Pete, you are modest as ever. I do not remember any pitch on Fields that had more than 6 bolts. Compare this to Childhood's 11-bolt crux pitch, and add in some decomposing granite and an R rating could be in order.
BTW I replaced your homemade aluminum angle hangers and 1/4" star drives with ASCA stainless gear a few years ago. Several hangers and one bolt broke with the first tug on the funkness. I left the lower bolts alone (except for one anchor) as they were pretty bomber 1/2" self-drives. I assumed that they were a variation to your line as the climbing felt more like 5.10.

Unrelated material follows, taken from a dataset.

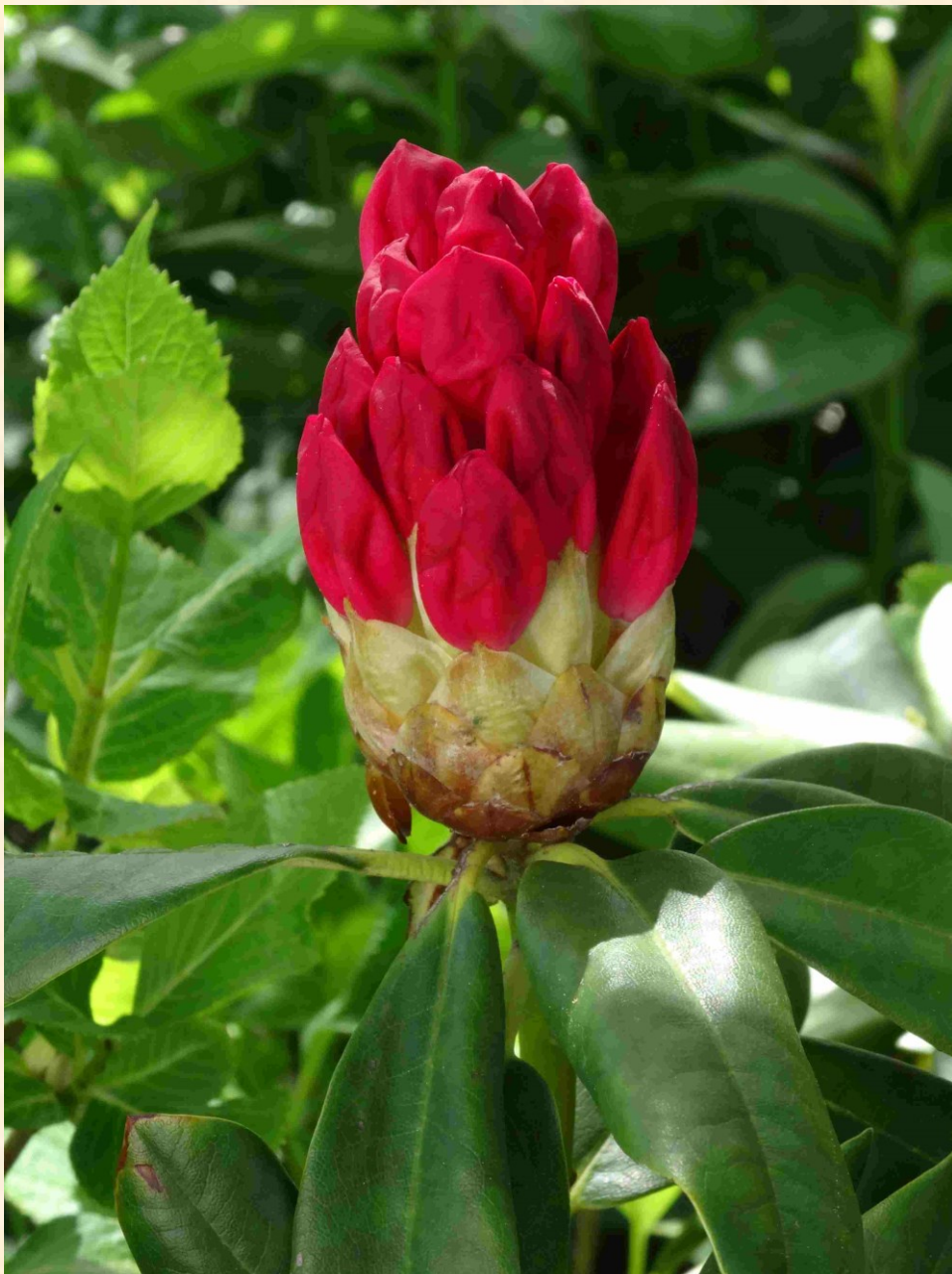
Rhododendron – Blüte im Entstehen

Proud effort and a proud line. Fields makes Childhood's seem like a clip up.
By John McNamee Administrator From: Littleton, CO May 16, 2007
Thanks for adding this to the site. It's a great piece of history. Love the photos.
By Pete Williams From: Dinosaur, Colorado Apr 2, 2008
Great to see those old photos once again, Pete. FYI, my journal records the FA as June 30 and the FFA as July 5 (not June), in 1979. I remember that week in between as being interminable--all I could think about was going back and finishing the job.
I just added a photo of Paul Jakus leading the fourth pitch--I thought folks would appreciate a different perspective.
Kevin, did you replace all the bolts above this pitch, or just the ones with aluminum hangers? (Boy, were they ever a bad idea! Even worse than the nail drives.) If so, you've got my eternal gratitude. If the route still has original bolts on it, my vote would be to give it an X rating rather than an R.
Pete...I replaced all of the bolts. The 1/4" star drives with aluminum angle stock hangers were classic! Too bad they broke so easily. I think I have one or two whole ones if you want me to send you one just email me your address.
Thank you for the topo, and for the route...it's one of the classic S. Platte test pieces and even with the modern hardware it is still bold and wild.
By Pete Williams From: Dinosaur, Colorado Apr 3, 2008
Kevin, Thanks for your comments on the route. I also appreciate the offer of the old bolt hanger, but I guess I'm not that nostalgic. I remember them well enough!
I recognize the labor and cost that went into upgrading the bolts. Thank you once again. I'll be making a donation to ASCA . . .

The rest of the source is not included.